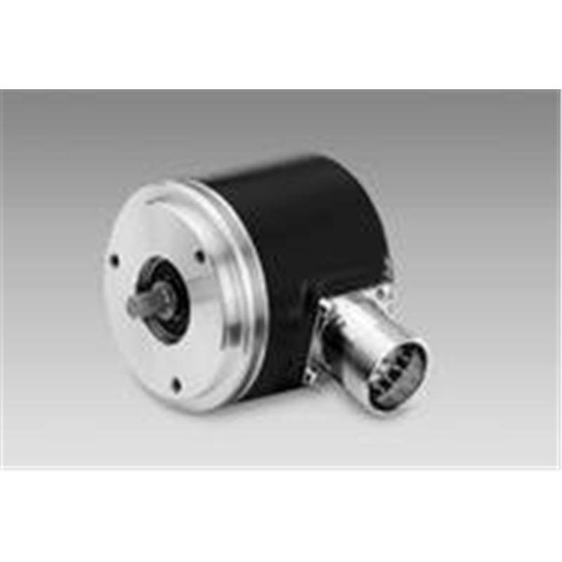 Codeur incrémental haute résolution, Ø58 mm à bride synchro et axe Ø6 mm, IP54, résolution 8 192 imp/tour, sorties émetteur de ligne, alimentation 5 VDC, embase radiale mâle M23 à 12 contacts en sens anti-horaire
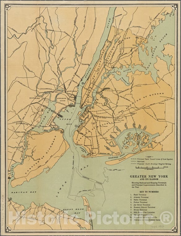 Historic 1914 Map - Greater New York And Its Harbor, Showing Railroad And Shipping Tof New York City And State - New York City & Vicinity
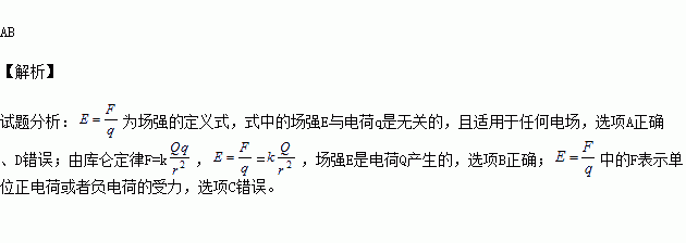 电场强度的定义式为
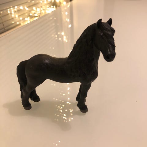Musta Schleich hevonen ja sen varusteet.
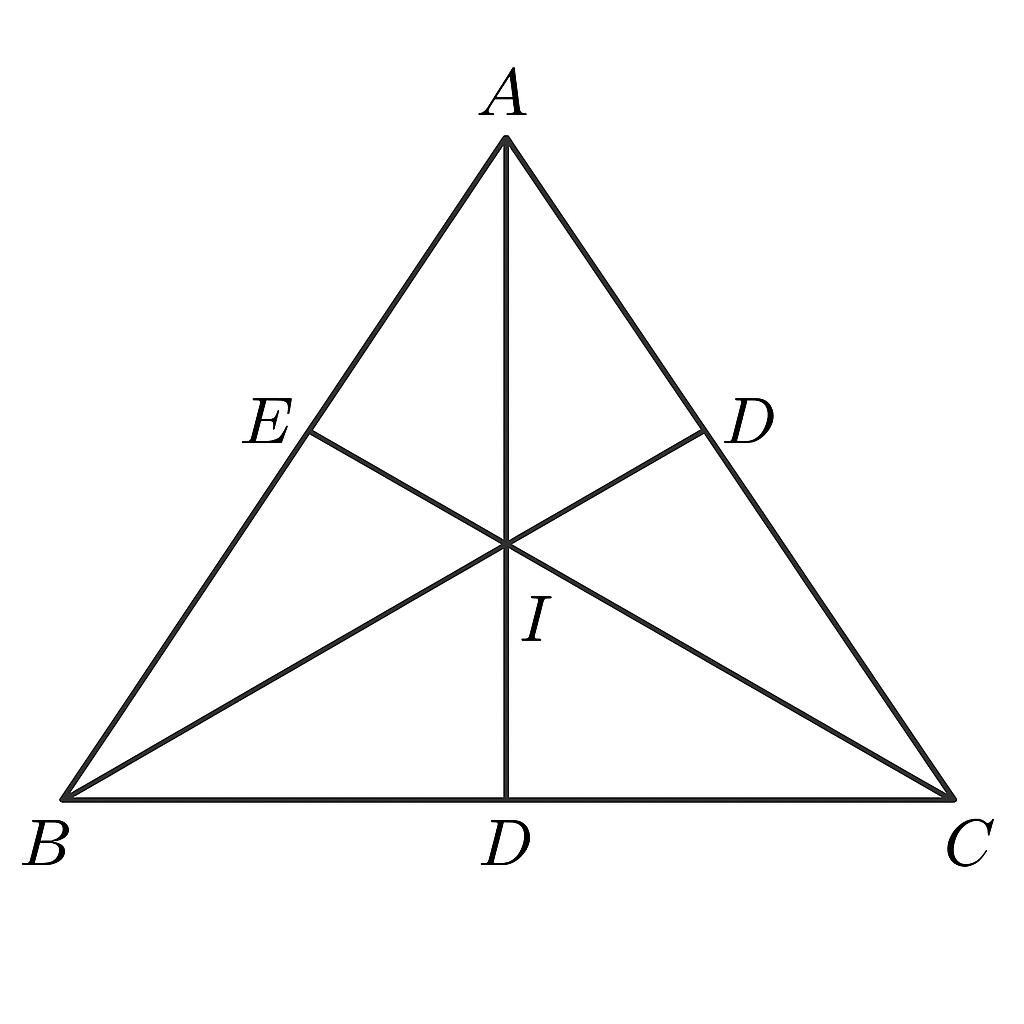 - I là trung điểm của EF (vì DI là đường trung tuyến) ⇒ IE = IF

------------------------------------

> [Problem statement] Your answer must be the full listing, reproduced word for word, without its pictures.

> [Exercise output]
 Codeur incrémental haute résolution, Ø58 mm à bride synchro et axe Ø6 mm, IP54, résolution 8 192 imp/tour, sorties émetteur de ligne, alimentation 5 VDC, embase radiale mâle M23 à 12 contacts en sens anti-horaire
 Historic 1914 Map - Greater New York And Its Harbor, Showing Railroad And Shipping Tof New York City And State - New York City & Vicinity
 电场强度的定义式为
Musta Schleich hevonen ja sen varusteet.
 - I là trung điểm của EF (vì DI là đường trung tuyến) ⇒ IE = IF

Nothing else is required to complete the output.